What initiatives has Raine&Horne focused on this year?
We’ve just rolled out our national advertising campaign. There are four animated TV campaigns that are 15 seconds each in length and bring the ampersand in ‘Raine&Horne’ to life. They touch on certain key elements as to why people sell because our major issue around Australia is listings. It’s all about selling and driving the phones in our offices to ring, so it’s very exciting and it’s got some really positive feedback.
We have gone back to basics with this campaign. Television is a medium we haven’t used for several years and I think we’re the first national group to really embrace it again. Even though it’s only been two months, it has received great traction so far.
What are your plans for expansion in Australia?
Around Australia, we have 300 offices. Our biggest state is New South Wales, closely followed by Queensland. It’s fair to say Queensland is our major focus at the moment. We bought the master franchise back several years ago and in Queensland, a lot of those markets have been to hell and back.
They really have had a tough time but there are some green shoots growing there, particularly in south east Queensland, which is really good to see.

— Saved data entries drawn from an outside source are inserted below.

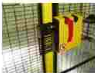
Safety Door Lock

Aluminum floor (8sqm) comprising: 4 pcs aluminium sheets 2000 x 1000 x 2mm Set of Cables and Screws.
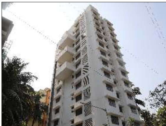
Godrej Central, Mumbai 0.09 million sq. ft.
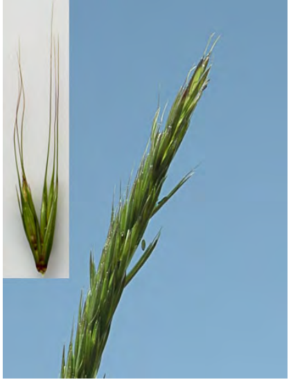
WESTERN WILD-RYE (Elymus glaucus subsp. glaucus) Native Perennial - Grass Family - (Jun-Aug) - Open areas, chaparral, woodland, forest - Tufted. Stem 12-55" tall. Leaf 0.2-0.5" wide, flat. Spikelets0.3-0.6" long, 2-4 per node. Lemma awn 0.4-1.2" long.
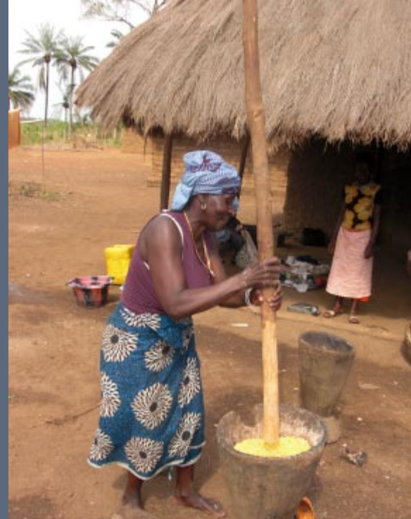
Working to feed the family

Friendship and fun however still have a central role to play in our relationships, and our visiting partners, housed in Sheffield University halls of residence had time and opportunity to socialise with us and each other in their two week visit. An external facilitator ran the programme and led a partner driven evaluation of Village Aid's performance. ■
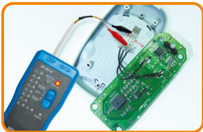
test positive and negative pole of DC electric level

Push DIP switch on emitter to position of “SCAN” , press function switchover button on emitter for 2 seconds, “STATUS” indicator will turn off and “VERIFY” indicator flashes, insert the crystal plug of crocodile clamp into RJ11, clamp the two ends of cable with crocodile clamps, in case that “STATUS” indicator lights up in red , it means the end clamped by red clamp is positive pole, in case that “STATUS” indicator lights up in green, it means the end clamped by red clamp is negative pole, electric level can be judged by brightness of the status indicators; the lighter the indicator, the higher the level is; the darker, the lower.
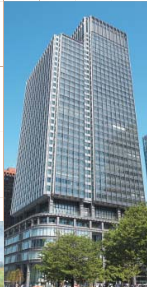
The Shin-Marunouchi Building opened in April 2007.
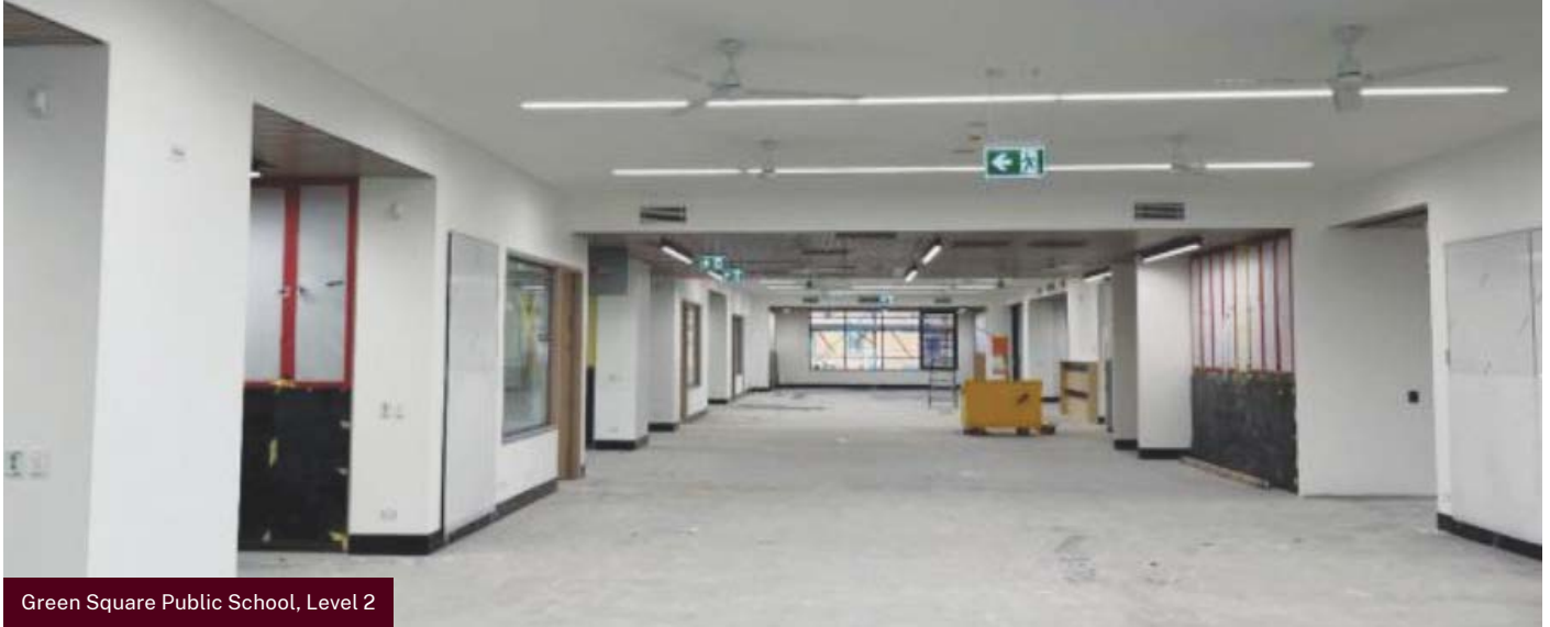
Green Square Public School, Level 2

We recently opened our 15th office in Brisbane. It is a market that is moving in a northern trajectory, which is great, but it really is a market the previous master franchise hadn’t concentrated on. They were a major regionally-based franchise network, but it stands to reason that, as an international brand, we have to be in Brisbane.
What are your thoughts on the Gold Coast market and how it is tracking?
I think it is a great litmus test to see where the Australian market is tracking. The Gold Coast market is mainly an investor market. It’s an aspirational market and it’s a market driven from the southern states in Sydney, and more so from Melbourne.
I think the buying opportunities in the market are amazing. You can buy a unit for a couple of hundred thousand dollars, and it leases very well – the Gold Coast economy has matured. Fifteen to 20 years ago, people living in the Gold Coast were not from the area. Now, the Gold Coast has its own community and it’s growing. There are universities and there are employment opportunities, so there are a lot of ticks in the boxes to invest or to live there, which drives the property market of course.
Raine&Horne is obviously one of the biggest real estate networks in Australia. How do you differentiate yourself from your competitors?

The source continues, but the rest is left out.